For me though the most striking thing at play in Trump's election, and in the modern US Right Wing in general, is a total remove from reality. In a lot of developing countries I've become familiar with, there are profound social problems and profound political divisions, but there are certain things that few would argue against, not simply because it is politically inconvenient to do so, but rather because it would never occur to anyone to deny the existence of certain hard facts. Almost everyone in these contexts can agree on the importance of reducing hunger and poverty, curbing violence, improving education, etc. These are real problems that no one would think to deny. The Right and Left in a given context will of course differ in their proposals as to how to address such problems, but they both realize that, unless their society does address them, it will be doomed to failure.
But in analyzing the discourse of the Right and the Left in the US, I feel like only one side is grappling with real problems, while the other is tilting at windmills, at invented abstractions that rile people up but ultimately don't matter in the real world. The Left in the US tries to address mass shootings and inner-city violence, drug addiction of all types, gross inequalities in education, and the massive divide between the rich and the poor. The Right, on the other hand, concerns itself with things like "The War on Christmas" or the ever-looming specter of political correctness. I'm not just making this up or exaggerating. If you listen to Right-Wing radio, or read Right-Wing magazines or especially websites, you will mostly see a bunch of commentary on cultural abstractions. There are too many gay characters now on your favorite TV shows. Your kid's school has a Hannukah song in addition to a Christmas one. You have to press "one" for English. They cast a black guy as a Norse god.
When I hear this shit, I ask myself, "Is this really the biggest problem these people face on a day-to-day basis? Is this really causing major objective harm to these people?" I can get on board with working to improve education in the US or preventing murders. But avoiding the momentary emotional distress caused by the acknowledgment that not everyone speaks or looks exactly like I do? What a waste of time.
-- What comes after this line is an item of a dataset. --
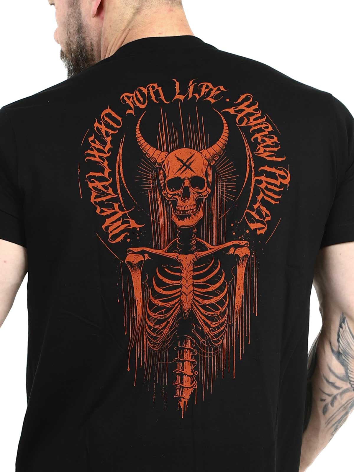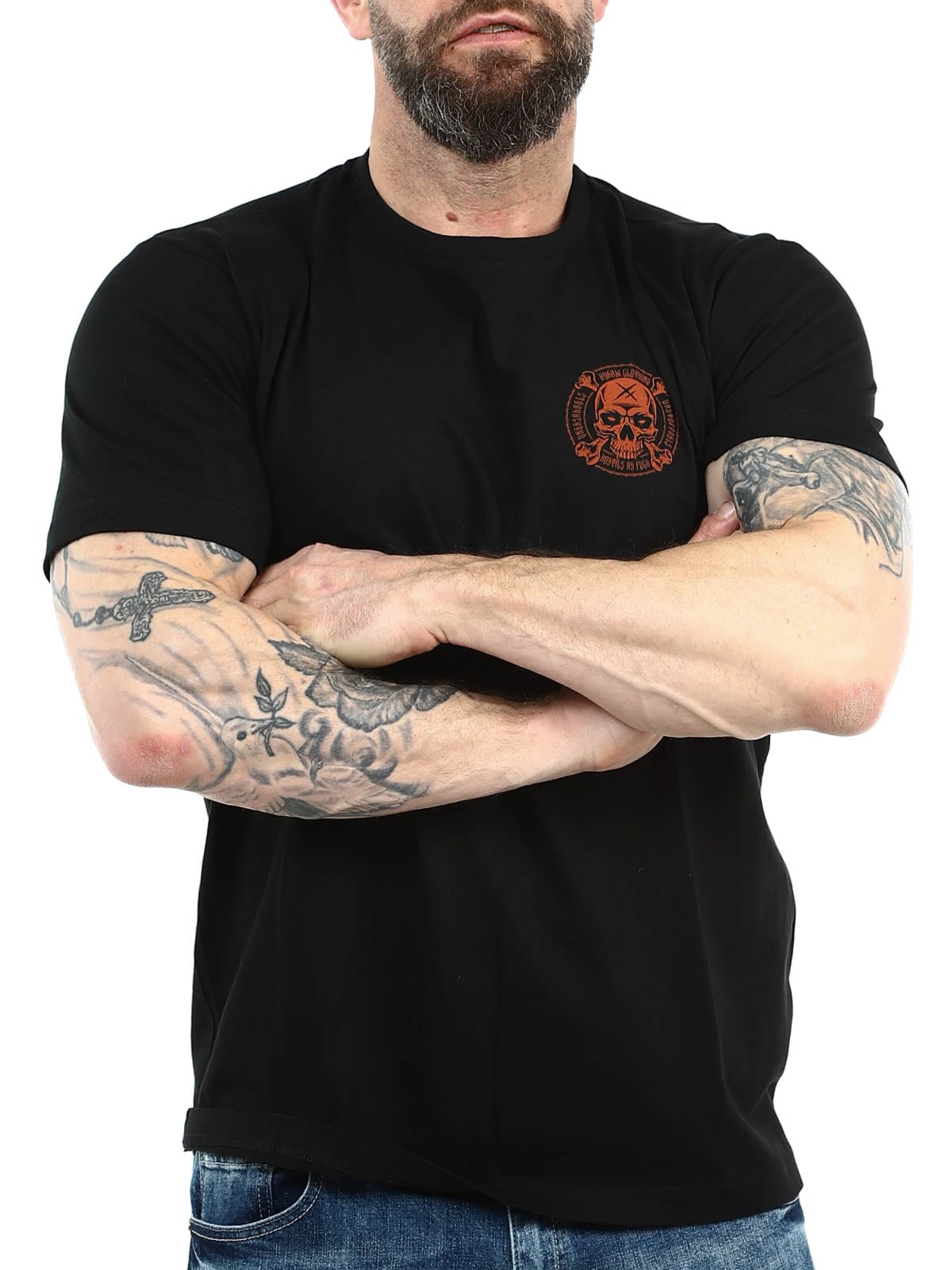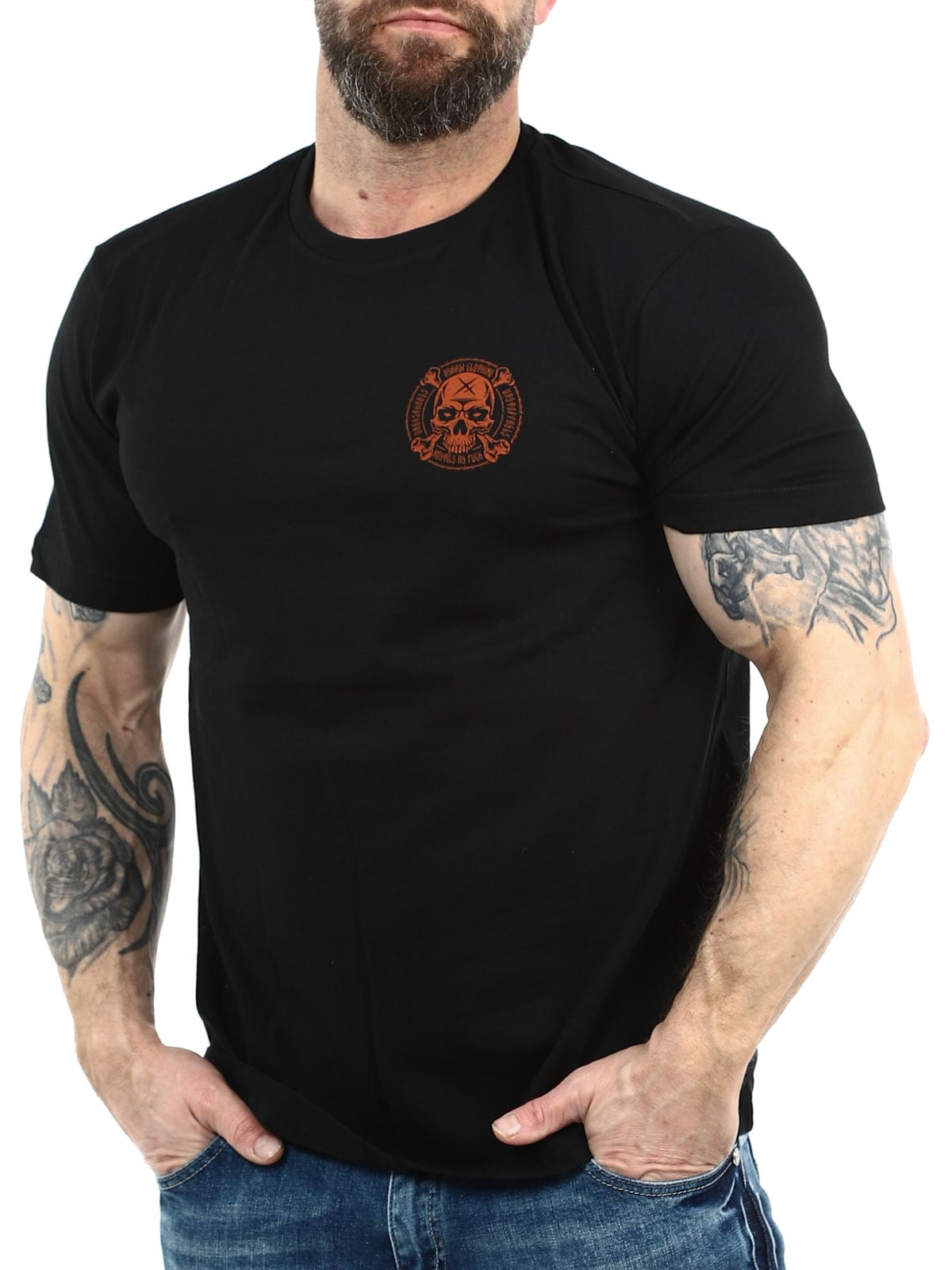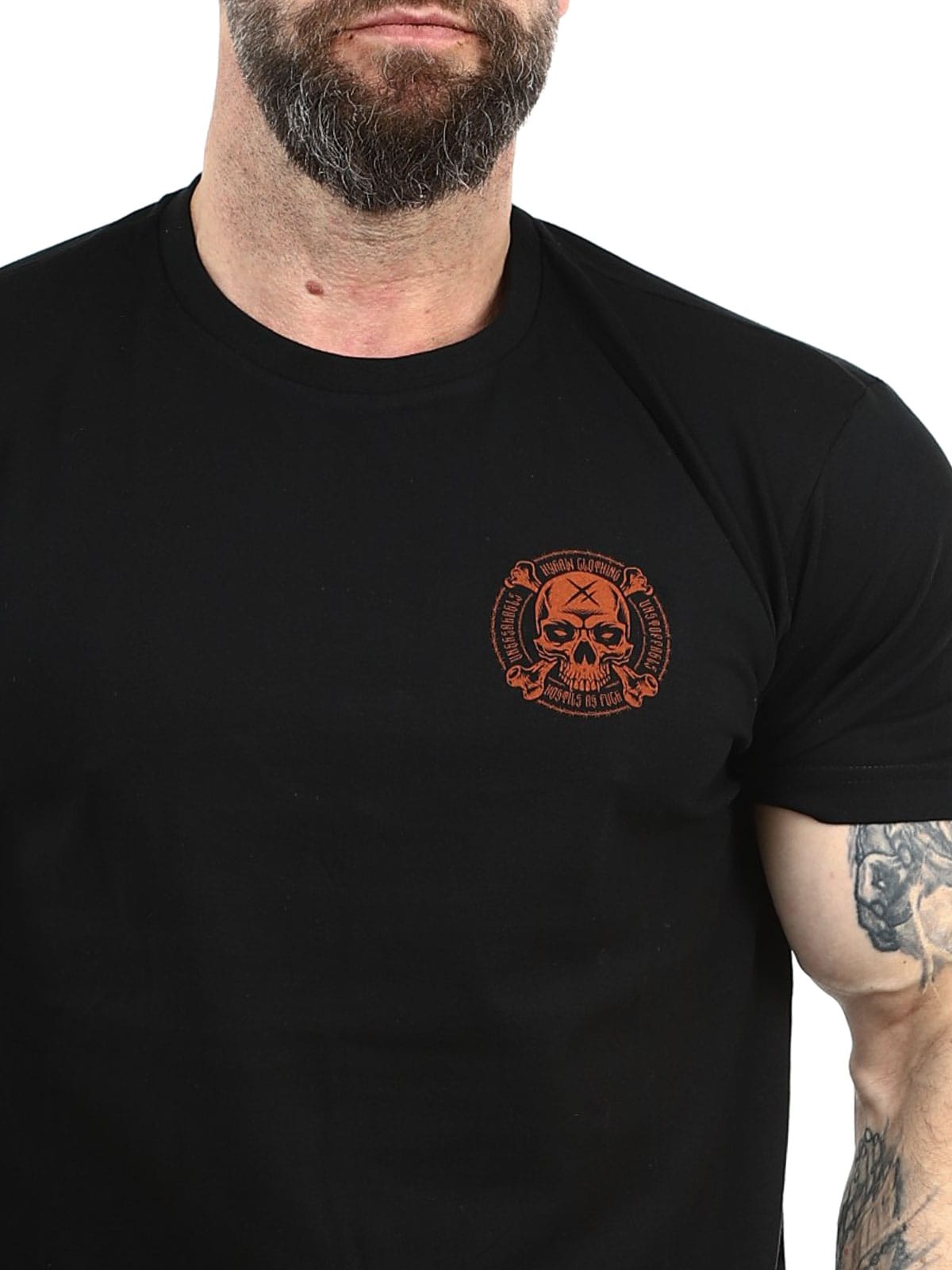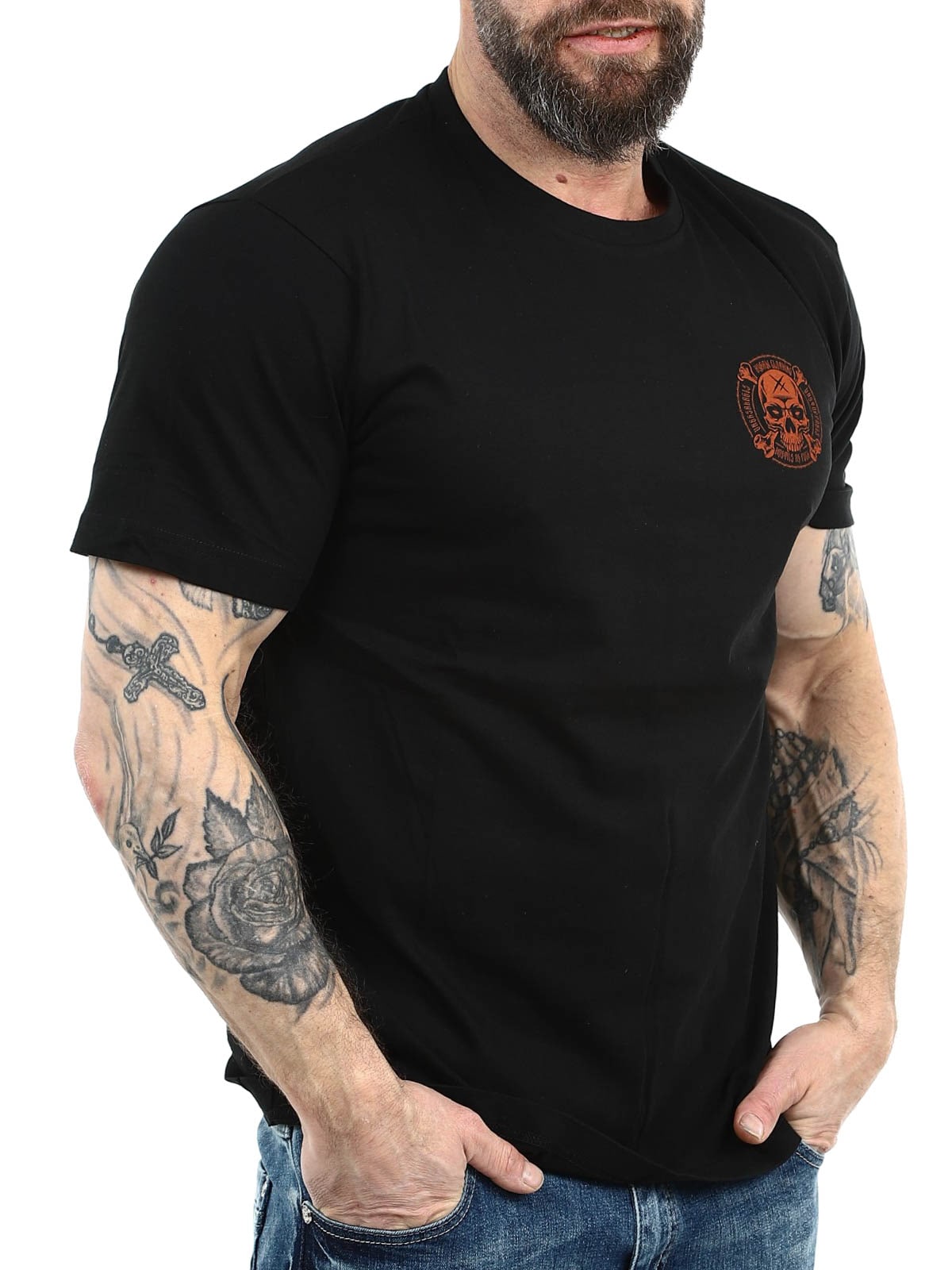 Black t-shirt designed with a large print at the back and a smaller print at the front. Straight model with rounded and ribbed neck opening. Produced in 100% cotton!

The problem is though that my country has now collectively opted not to address real common problems. We will not be tackling obesity, heart disease, domestic and street violence, poverty, hunger, environmental sustainability. No, the electorate has pronounced itself firmly committed to rolling back the War on Christmas, to protecting the flag from burning, to keeping "politically correct" scientific truths out of our schools. And in the meantime, as voters are distracted with this nonsense, the Right Wing power structure will commit itself to real issues like rolling back voter protections; further eroding workers' rights; strengthening the police state to persecute people of color; privatizing public goods like healthcare, education, and wilderness areas; and stifling free speech. We may be the first nation that has entertained ourself so much with the circus that we allow our very bread to be taken away.